On JSC „Latvijas Krājbanka” (in liquidation) insolvency process: January 2013
The administrator „KPMG Baltics” continues carrying out the sales of „Latvijas Krājbanka” and its subsidiaries’ properties and other assets in auctions. In January 2013, the amount of recovered assets from the auctioned real estates and other property, as well as the sold subsidiaries and recovered loans made up about ~3,1 million lats (in total as from the initiating of insolvency process ~58,85 million lats).
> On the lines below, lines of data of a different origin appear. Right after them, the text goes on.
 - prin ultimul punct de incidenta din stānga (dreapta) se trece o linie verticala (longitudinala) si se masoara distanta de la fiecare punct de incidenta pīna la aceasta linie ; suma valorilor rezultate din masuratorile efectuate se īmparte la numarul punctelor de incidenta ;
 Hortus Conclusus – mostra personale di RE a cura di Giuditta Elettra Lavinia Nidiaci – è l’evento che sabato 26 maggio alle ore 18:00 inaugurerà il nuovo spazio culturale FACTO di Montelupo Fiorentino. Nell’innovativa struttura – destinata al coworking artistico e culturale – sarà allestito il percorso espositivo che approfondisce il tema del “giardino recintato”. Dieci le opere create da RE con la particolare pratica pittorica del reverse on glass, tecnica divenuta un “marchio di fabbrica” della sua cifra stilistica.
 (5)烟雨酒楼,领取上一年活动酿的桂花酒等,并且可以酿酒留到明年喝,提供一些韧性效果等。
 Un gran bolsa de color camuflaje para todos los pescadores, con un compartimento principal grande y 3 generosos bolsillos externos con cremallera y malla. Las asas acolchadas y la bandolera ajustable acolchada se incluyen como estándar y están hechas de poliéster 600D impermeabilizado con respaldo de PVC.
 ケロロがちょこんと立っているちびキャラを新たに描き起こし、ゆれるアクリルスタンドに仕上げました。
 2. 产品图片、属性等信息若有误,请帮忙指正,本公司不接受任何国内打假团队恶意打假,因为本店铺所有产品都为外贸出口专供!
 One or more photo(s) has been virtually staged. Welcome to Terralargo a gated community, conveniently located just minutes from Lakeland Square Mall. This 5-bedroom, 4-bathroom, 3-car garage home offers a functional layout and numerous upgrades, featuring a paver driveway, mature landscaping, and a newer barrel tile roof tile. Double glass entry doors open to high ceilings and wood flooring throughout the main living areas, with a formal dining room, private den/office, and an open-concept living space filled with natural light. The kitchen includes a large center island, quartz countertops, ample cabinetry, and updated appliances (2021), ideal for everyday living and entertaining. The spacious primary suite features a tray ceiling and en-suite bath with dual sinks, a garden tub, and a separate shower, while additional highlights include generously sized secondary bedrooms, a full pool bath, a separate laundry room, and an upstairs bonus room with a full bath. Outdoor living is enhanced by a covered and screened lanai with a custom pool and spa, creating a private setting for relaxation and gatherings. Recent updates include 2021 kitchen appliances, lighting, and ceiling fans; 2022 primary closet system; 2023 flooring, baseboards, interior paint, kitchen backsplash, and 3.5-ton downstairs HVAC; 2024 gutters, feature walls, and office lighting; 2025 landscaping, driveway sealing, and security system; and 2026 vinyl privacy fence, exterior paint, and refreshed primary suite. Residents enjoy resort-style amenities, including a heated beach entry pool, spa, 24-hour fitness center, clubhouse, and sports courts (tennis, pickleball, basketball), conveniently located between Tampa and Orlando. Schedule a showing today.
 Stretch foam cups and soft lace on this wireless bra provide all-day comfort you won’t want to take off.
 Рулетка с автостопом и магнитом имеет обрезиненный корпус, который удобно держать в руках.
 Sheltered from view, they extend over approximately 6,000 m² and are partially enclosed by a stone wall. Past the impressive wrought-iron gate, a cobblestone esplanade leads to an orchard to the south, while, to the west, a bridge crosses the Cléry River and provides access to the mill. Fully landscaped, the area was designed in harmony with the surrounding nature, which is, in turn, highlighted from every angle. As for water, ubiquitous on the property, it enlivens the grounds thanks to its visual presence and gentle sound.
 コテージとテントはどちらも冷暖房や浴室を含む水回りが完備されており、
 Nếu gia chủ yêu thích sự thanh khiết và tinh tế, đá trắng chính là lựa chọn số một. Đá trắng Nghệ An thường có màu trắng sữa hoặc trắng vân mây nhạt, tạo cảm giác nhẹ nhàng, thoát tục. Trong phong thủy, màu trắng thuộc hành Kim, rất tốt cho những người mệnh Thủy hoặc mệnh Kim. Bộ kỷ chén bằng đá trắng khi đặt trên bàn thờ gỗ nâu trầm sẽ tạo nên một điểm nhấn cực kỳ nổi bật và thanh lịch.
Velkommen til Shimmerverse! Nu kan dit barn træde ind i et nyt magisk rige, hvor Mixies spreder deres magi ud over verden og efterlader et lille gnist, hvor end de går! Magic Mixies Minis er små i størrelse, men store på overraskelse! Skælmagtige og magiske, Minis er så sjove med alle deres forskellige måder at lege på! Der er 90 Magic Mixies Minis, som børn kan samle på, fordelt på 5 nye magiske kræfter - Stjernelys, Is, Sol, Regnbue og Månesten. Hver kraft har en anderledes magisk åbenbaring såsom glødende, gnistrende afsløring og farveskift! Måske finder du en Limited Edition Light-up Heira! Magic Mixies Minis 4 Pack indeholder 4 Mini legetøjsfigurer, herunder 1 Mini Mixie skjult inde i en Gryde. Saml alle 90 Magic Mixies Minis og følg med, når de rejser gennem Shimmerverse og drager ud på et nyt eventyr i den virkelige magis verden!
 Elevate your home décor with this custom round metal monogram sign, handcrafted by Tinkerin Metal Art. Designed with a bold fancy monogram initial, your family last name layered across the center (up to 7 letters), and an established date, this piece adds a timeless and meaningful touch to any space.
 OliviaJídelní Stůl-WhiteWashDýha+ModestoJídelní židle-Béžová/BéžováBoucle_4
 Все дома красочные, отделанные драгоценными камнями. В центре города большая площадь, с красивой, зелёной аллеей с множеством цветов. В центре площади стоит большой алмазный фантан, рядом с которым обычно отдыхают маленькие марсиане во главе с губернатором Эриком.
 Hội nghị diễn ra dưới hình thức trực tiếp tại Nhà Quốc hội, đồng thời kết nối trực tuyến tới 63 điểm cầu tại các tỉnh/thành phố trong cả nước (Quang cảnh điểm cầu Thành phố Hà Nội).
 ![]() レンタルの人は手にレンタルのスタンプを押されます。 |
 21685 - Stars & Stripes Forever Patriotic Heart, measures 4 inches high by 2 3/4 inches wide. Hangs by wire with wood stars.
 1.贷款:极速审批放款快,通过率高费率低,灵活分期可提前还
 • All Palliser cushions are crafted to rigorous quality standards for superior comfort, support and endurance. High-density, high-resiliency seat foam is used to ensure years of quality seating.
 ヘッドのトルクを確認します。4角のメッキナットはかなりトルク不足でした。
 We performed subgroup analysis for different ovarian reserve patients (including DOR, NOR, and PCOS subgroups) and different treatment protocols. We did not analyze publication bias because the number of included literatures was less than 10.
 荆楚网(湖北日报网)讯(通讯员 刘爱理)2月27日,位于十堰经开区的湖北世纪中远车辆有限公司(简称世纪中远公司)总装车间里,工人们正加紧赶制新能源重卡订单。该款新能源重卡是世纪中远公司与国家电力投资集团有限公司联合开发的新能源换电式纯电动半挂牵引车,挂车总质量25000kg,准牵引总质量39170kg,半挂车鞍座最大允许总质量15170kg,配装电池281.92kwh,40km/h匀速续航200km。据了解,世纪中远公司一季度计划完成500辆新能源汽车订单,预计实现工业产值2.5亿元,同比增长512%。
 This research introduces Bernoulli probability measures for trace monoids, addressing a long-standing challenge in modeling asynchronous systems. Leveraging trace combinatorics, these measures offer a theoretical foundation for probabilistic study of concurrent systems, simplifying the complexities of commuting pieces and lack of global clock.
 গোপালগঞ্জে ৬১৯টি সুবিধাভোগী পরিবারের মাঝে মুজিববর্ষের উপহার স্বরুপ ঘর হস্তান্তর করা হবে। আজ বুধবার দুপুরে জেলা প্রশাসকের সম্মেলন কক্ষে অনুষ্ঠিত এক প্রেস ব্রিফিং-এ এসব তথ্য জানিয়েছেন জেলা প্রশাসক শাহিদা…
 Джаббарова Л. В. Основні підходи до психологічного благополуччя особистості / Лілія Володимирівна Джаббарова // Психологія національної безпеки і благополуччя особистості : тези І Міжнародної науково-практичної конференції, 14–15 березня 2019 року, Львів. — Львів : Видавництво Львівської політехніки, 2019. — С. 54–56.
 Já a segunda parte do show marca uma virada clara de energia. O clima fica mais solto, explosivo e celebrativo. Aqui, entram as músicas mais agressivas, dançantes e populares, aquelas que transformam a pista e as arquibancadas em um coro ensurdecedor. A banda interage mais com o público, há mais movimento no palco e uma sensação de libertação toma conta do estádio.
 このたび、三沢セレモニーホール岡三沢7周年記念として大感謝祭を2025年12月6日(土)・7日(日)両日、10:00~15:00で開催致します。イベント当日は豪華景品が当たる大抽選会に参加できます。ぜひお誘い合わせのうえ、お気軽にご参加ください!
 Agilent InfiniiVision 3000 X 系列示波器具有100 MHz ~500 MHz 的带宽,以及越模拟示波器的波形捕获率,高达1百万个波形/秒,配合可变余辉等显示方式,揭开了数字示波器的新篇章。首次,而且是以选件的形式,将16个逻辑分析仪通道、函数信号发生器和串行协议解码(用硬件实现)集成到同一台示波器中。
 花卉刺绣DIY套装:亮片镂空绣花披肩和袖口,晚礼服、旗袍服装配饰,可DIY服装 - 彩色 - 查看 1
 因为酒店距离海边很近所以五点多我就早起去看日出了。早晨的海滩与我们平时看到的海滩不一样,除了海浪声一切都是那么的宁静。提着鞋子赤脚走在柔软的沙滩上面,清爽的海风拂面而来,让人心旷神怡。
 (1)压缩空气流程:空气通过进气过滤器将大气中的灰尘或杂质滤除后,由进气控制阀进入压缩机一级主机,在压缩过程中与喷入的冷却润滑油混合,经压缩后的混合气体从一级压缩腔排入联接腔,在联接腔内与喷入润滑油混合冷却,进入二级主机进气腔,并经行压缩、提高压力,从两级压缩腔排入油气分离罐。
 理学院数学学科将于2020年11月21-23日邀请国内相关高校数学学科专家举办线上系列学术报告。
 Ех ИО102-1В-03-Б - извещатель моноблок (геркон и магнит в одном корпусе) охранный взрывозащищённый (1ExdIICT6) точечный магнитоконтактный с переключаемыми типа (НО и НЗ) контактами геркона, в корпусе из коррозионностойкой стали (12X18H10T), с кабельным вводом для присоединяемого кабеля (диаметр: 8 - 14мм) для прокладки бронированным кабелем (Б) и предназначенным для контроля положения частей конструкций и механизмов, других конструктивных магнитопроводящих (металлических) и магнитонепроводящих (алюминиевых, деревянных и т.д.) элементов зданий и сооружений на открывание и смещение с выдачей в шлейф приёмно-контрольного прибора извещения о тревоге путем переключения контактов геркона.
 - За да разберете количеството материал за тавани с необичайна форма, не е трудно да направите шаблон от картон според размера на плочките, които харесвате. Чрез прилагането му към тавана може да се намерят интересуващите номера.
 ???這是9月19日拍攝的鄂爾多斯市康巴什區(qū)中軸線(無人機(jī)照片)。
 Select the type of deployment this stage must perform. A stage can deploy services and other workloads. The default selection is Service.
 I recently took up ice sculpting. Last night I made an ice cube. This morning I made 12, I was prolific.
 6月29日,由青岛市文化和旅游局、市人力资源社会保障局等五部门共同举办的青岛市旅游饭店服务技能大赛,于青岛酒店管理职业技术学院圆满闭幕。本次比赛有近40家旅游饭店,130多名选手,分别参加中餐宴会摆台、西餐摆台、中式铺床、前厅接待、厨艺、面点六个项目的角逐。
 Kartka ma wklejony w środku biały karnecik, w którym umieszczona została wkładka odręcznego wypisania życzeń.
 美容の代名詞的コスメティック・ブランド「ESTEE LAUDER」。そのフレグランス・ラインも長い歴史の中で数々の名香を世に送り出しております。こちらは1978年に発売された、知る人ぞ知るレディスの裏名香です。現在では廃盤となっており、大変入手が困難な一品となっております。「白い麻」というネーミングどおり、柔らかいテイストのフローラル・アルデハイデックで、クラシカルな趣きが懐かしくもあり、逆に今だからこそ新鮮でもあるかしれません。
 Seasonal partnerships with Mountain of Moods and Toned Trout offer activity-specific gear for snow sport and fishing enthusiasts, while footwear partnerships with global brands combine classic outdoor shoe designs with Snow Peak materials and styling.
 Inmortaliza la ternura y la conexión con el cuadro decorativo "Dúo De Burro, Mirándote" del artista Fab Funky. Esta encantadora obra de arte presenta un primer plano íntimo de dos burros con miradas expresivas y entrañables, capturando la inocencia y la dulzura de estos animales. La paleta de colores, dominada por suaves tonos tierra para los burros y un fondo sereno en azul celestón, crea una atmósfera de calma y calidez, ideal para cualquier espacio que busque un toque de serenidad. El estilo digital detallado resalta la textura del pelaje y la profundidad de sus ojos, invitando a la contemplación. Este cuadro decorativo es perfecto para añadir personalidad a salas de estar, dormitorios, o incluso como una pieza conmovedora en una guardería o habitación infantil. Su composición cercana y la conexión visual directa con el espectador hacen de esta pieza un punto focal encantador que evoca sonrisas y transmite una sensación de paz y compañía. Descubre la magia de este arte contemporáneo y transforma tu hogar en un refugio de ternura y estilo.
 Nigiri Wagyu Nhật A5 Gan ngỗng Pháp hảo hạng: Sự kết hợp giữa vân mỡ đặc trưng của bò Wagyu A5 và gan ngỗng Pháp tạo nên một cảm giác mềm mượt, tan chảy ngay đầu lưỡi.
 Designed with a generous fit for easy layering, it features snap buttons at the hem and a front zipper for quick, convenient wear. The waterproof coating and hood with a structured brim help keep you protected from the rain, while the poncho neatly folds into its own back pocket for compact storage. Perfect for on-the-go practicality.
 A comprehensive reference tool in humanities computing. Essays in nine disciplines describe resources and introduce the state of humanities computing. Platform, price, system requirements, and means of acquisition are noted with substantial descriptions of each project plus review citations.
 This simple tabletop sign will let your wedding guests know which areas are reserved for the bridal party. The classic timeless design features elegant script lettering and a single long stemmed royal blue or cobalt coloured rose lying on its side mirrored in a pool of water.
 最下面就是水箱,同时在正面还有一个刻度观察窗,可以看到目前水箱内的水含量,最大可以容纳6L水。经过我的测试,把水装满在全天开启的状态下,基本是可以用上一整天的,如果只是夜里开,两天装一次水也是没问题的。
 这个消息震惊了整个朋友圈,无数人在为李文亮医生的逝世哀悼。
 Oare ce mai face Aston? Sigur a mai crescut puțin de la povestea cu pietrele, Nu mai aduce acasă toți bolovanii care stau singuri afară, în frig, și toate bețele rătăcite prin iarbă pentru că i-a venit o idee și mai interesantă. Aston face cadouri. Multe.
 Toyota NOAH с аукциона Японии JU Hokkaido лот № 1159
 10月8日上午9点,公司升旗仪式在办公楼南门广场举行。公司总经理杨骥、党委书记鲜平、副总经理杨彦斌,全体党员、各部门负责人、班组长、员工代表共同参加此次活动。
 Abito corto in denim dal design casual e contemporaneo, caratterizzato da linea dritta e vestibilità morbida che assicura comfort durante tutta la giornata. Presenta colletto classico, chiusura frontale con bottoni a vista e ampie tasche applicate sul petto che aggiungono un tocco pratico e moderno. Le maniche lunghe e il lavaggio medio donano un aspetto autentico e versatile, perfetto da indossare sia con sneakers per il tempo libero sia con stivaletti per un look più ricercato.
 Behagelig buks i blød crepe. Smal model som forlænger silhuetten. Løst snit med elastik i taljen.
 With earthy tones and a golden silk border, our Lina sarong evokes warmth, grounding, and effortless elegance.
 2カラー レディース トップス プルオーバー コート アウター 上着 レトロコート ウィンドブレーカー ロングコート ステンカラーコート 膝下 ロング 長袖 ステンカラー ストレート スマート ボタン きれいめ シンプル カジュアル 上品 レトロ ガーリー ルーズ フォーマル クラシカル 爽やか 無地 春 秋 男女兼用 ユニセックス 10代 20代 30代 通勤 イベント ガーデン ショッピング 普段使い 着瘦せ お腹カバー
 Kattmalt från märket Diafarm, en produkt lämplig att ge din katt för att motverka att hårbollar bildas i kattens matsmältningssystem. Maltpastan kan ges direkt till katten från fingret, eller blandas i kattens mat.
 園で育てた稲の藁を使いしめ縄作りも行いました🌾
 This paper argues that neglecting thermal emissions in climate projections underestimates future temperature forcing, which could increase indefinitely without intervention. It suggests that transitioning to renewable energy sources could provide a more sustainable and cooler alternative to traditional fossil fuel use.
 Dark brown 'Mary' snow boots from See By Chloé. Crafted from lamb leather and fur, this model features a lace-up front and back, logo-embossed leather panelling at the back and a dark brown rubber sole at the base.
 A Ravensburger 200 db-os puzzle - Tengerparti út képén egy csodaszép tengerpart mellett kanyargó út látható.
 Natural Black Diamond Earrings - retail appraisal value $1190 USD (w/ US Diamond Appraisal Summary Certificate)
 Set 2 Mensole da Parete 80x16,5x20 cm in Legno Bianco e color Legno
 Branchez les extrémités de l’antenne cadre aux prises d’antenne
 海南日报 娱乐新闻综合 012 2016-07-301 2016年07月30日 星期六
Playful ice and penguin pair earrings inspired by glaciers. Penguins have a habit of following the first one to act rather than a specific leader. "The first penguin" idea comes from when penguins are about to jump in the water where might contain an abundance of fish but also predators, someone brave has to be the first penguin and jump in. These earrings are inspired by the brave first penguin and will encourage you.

Until January 2013 there were more than 4 500 proceedings initiated. Moreover, the JSC „Latvijas Krājbanka” administrator is making every effort to recover more than 100 million lats, which have been seized in the foreign banks’ correspondent accounts. Depending on the certain jurisdiction, both civil and criminal cases for asset recovery have been initiated. This money has been seized in the foreign banks’ correspondent accounts because of allegedly unlawful activities of the former bank management of JSC „Latvijas Krājbanka”. In case of successful recovery of the funding, the possibility to meet the claims of current creditors considerably grows.
Besides, KPMG Baltics continues the selling of the loan portfolio, which was started back in June 2012, by carrying out various activities to attract potential investors. The credits of JSC „Latvijas Krājbanka” (in liquidation) have been broken down in five loan portfolios based on their common features (corporate loans, retail loans etc.).
The key task of „KPMG Baltics” is to regain the maximum of funding to cover the claims of all „Latvijas Krājbanka” creditors. Total claims of creditors against the JSC „Latvijas Krājbanka” (in liquidation) made up ~421 million lats in November 2012 (excluding already executed contributions to the Deposit Guarantee Fund (DGF) in the amount of 90 million lats).
Under the law the Deposit Guarantee Fund is the first claimant that has the right to receive the funding from the realization of the bank’s assets in the event of the bank’s insolvency. Further procedure whereby the creditor claims are met is as follow: employees of the bank, tax payers, outstanding payments to the State and local government budgets, claims guaranteed by the State, other lawful creditors (including depositors who had deposited more than 100 thousand euro), interest payments to creditors, creditor claims made after the application deadline, subordinated debt and finally – the shareholders.
The above insolvency and payment regulatory procedures are determined in order to ensure that the Deposit Guarantee Fund, as the State guarantee mechanism, would secure the financial stability and protection of small depositor interests, guaranteeing compensation to one depositor up to 100 thousand euro.